Brief: Find where "2차원 좌표 평면 위에" occurs in the data below, and retype that line and every later line exactly.

(Stored records)

--

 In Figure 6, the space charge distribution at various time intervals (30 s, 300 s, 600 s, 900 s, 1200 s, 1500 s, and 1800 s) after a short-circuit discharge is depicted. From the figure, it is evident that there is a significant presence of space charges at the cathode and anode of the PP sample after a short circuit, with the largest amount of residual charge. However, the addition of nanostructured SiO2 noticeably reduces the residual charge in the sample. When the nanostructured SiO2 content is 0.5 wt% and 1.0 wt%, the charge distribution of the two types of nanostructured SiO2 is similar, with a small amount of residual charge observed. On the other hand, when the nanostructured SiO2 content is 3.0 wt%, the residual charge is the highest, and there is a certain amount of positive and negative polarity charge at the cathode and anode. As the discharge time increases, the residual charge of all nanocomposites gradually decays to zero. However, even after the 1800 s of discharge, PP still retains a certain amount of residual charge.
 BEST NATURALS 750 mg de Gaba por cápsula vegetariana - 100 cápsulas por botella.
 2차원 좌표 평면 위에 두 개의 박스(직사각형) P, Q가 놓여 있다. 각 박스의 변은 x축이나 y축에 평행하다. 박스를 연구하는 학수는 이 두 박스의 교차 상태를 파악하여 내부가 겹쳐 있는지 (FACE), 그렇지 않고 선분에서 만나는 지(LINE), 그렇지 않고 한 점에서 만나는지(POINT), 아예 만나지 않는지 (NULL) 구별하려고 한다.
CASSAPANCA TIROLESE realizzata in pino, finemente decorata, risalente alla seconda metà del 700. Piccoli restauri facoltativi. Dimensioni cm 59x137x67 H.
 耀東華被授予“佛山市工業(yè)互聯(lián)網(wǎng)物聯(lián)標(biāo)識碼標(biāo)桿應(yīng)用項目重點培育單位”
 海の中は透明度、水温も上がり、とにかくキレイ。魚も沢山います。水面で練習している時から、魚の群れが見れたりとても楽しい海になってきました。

--

Worked solution:
 2차원 좌표 평면 위에 두 개의 박스(직사각형) P, Q가 놓여 있다. 각 박스의 변은 x축이나 y축에 평행하다. 박스를 연구하는 학수는 이 두 박스의 교차 상태를 파악하여 내부가 겹쳐 있는지 (FACE), 그렇지 않고 선분에서 만나는 지(LINE), 그렇지 않고 한 점에서 만나는지(POINT), 아예 만나지 않는지 (NULL) 구별하려고 한다.
CASSAPANCA TIROLESE realizzata in pino, finemente decorata, risalente alla seconda metà del 700. Piccoli restauri facoltativi. Dimensioni cm 59x137x67 H.
 耀東華被授予“佛山市工業(yè)互聯(lián)網(wǎng)物聯(lián)標(biāo)識碼標(biāo)桿應(yīng)用項目重點培育單位”
 海の中は透明度、水温も上がり、とにかくキレイ。魚も沢山います。水面で練習している時から、魚の群れが見れたりとても楽しい海になってきました。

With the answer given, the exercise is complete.